The required copy runs from the first line of the material through the line containing "This crystal is", exactly as written and without pictures.

'''

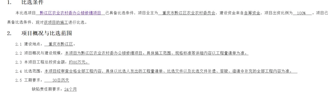 >黔江区农业农村委办公楼修缮项目比选
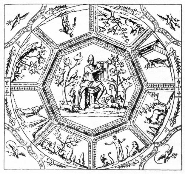 Давид Фиделер приводит еще одно исключительно интересное ранне-христианское изображение, которое он обозначает так: "Христос как Орфей". Сообщается следующее: "Этот рисунок из Римских катакомб представляет Христа как Орфея. Рисунок окружен сценами из Ветхого Завета" [1124:1], с.203. См. рис.8.18. В центре мы видим Христа-Орфея, играющего на лире.
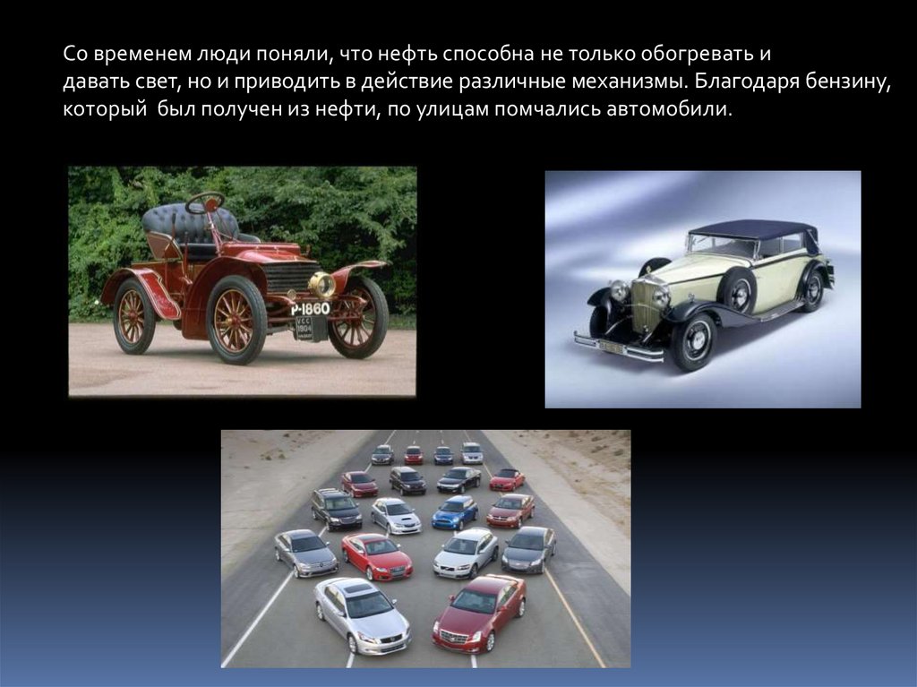 Со временем люди поняли, что нефть способна не только обогревать идавать свет, но и приводить в действие различные механизмы. Благодаря бензину,
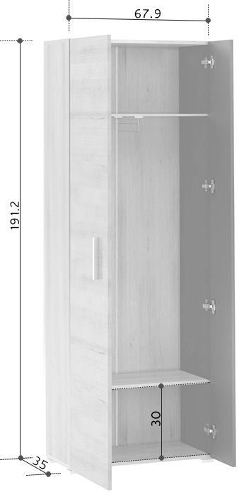 Размеры Ширина 68 см Глубина 35 см Высота 192 см
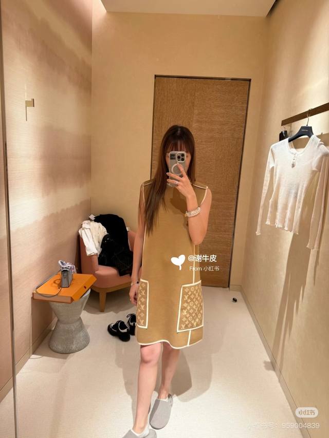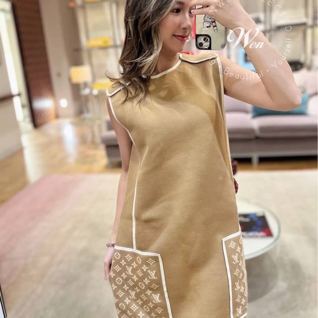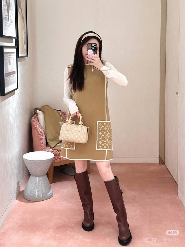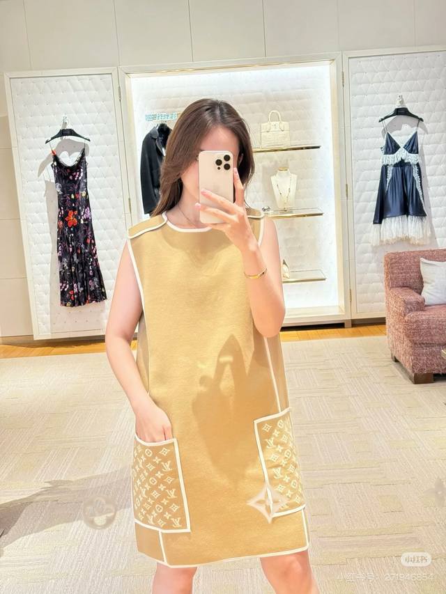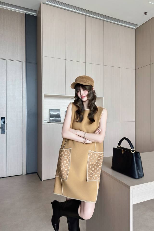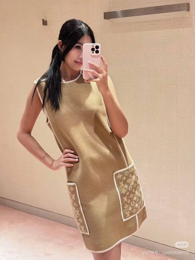 Louis Vuitton (LV) New Color-Blocked Monogram Logo Jacquard Double Pockets Patchwork Loose Fit Fashionable Versatile Sleeveless Dress, a Must-Have for Layering! Available in Brown, Black, Size M: Shoulder Width 37cm, Bust 100cm, Dress Length 85cm. (
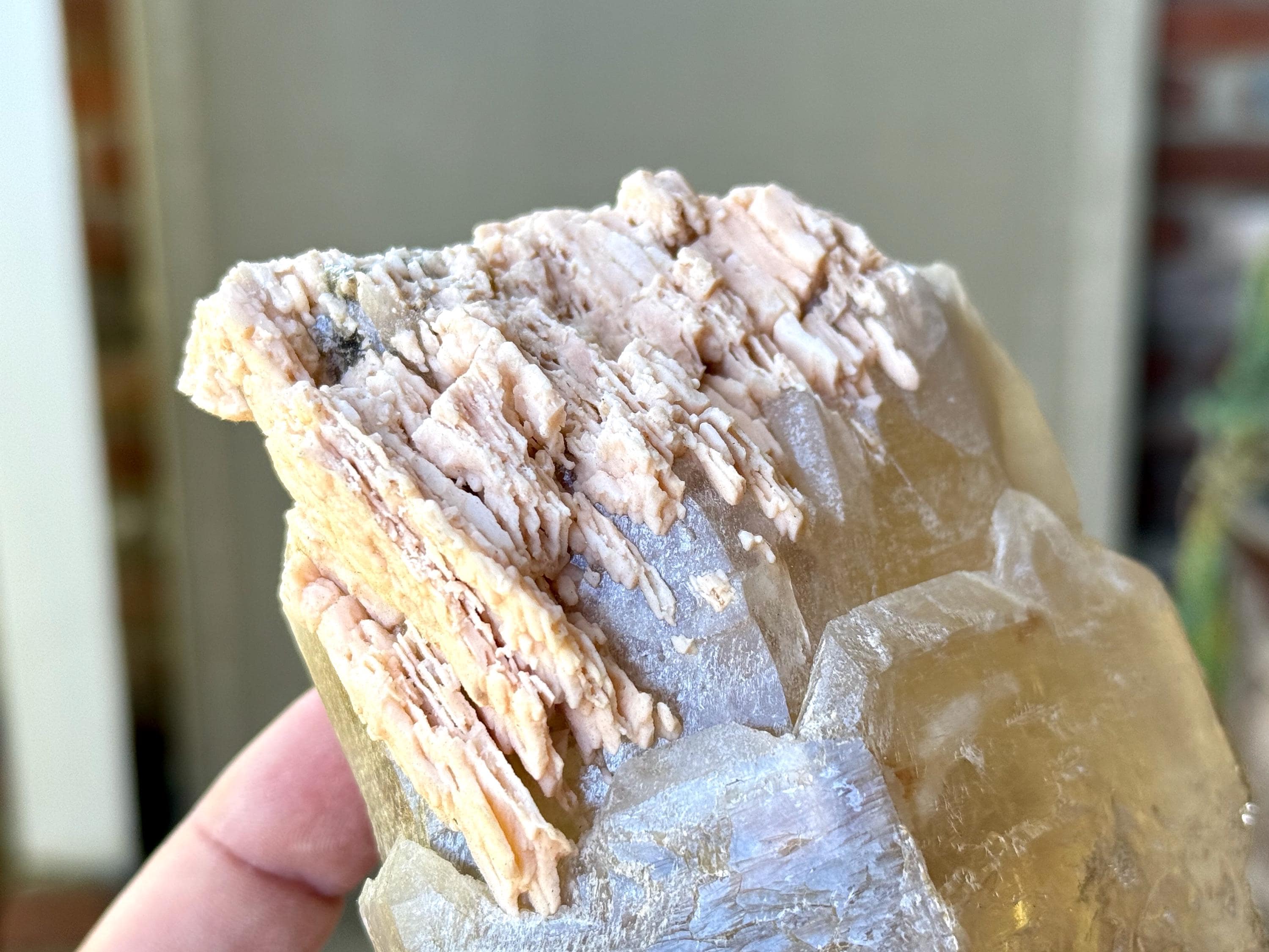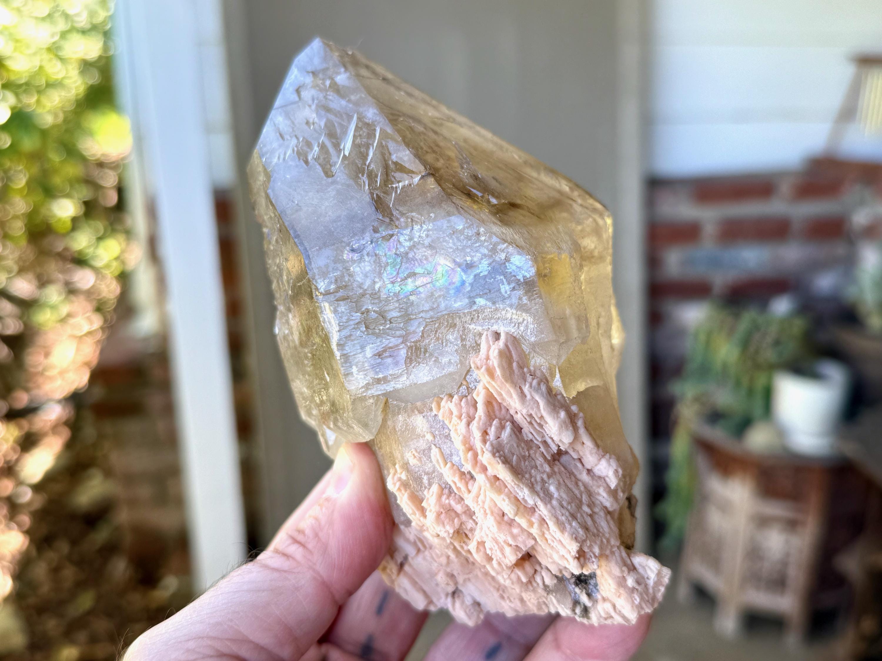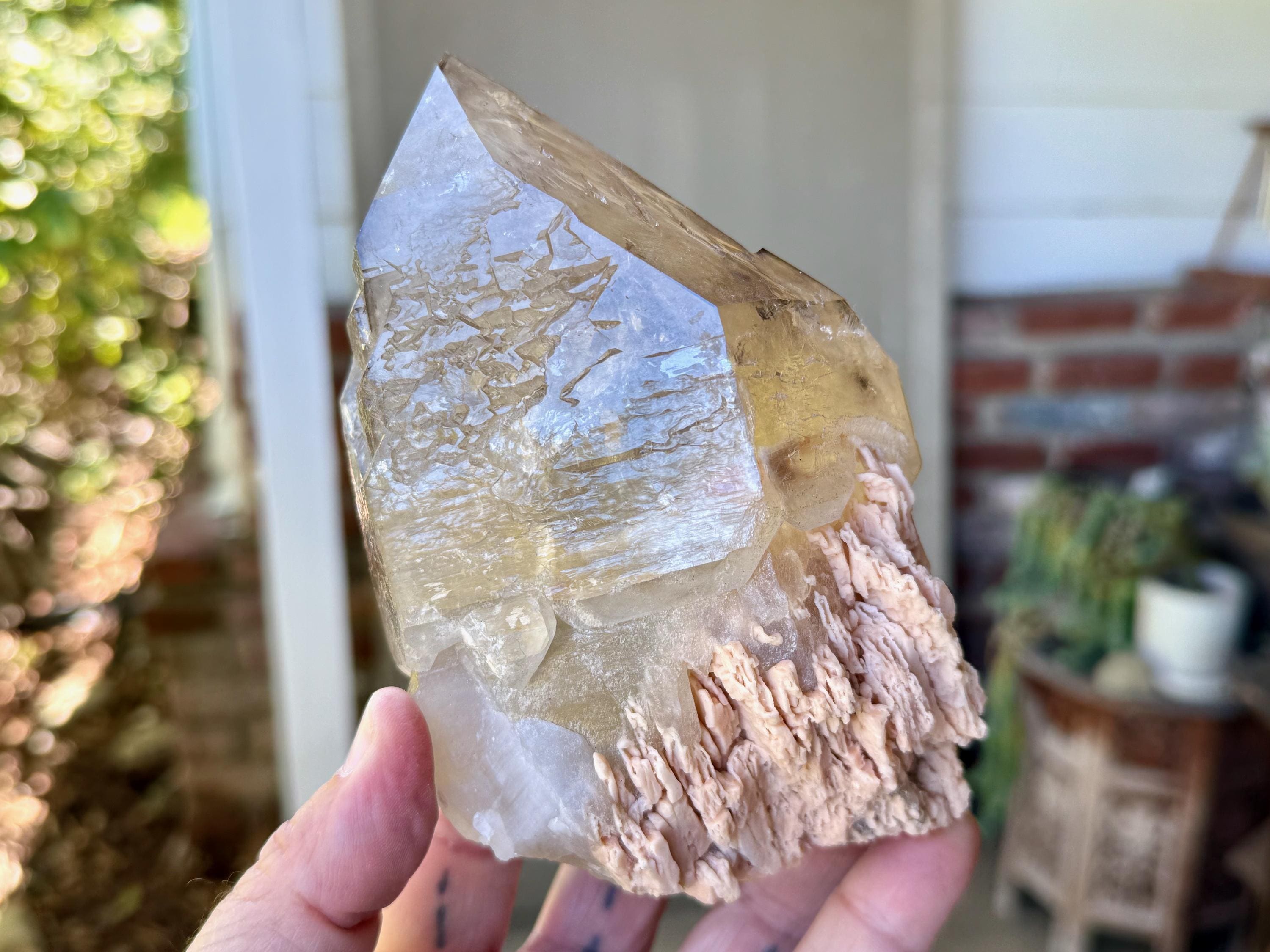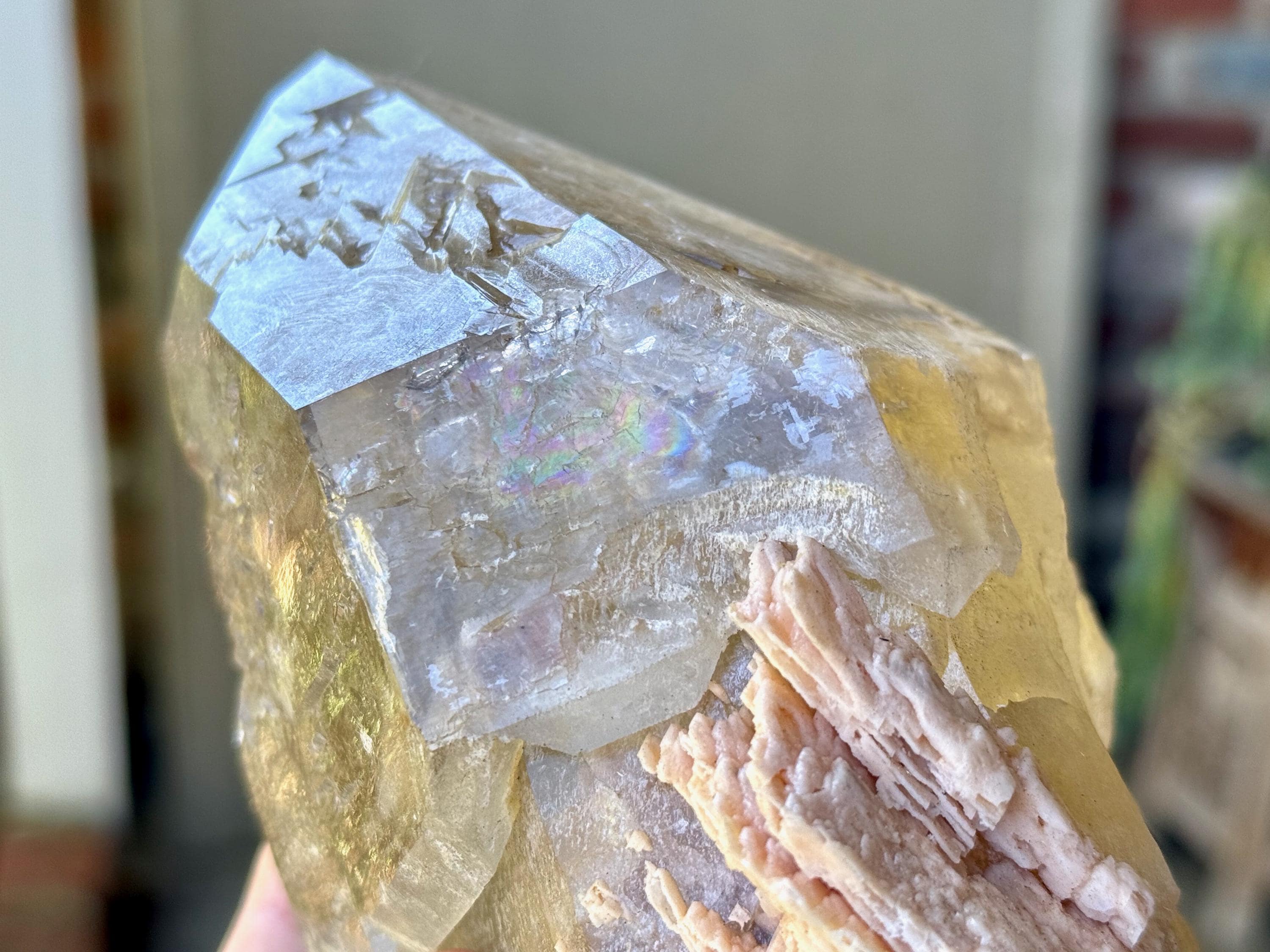 This crystal is one of the largest scepter formations we've ever seen, with a robust "stem" protruding from the base. Attached to the stem is a beautiful inclusion of pink Feldspar on one side.
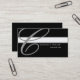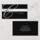A black background with a white stripe. Replace the large "C" with the first letter of your company's name for a custom look. All of your contact information is on the back of the card. Font and font size and colour can be changed.

'''

Expected answer –
 >黔江区农业农村委办公楼修缮项目比选
 Давид Фиделер приводит еще одно исключительно интересное ранне-христианское изображение, которое он обозначает так: "Христос как Орфей". Сообщается следующее: "Этот рисунок из Римских катакомб представляет Христа как Орфея. Рисунок окружен сценами из Ветхого Завета" [1124:1], с.203. См. рис.8.18. В центре мы видим Христа-Орфея, играющего на лире.
 Со временем люди поняли, что нефть способна не только обогревать идавать свет, но и приводить в действие различные механизмы. Благодаря бензину,
 Размеры Ширина 68 см Глубина 35 см Высота 192 см
 Louis Vuitton (LV) New Color-Blocked Monogram Logo Jacquard Double Pockets Patchwork Loose Fit Fashionable Versatile Sleeveless Dress, a Must-Have for Layering! Available in Brown, Black, Size M: Shoulder Width 37cm, Bust 100cm, Dress Length 85cm. (
 This crystal is one of the largest scepter formations we've ever seen, with a robust "stem" protruding from the base. Attached to the stem is a beautiful inclusion of pink Feldspar on one side.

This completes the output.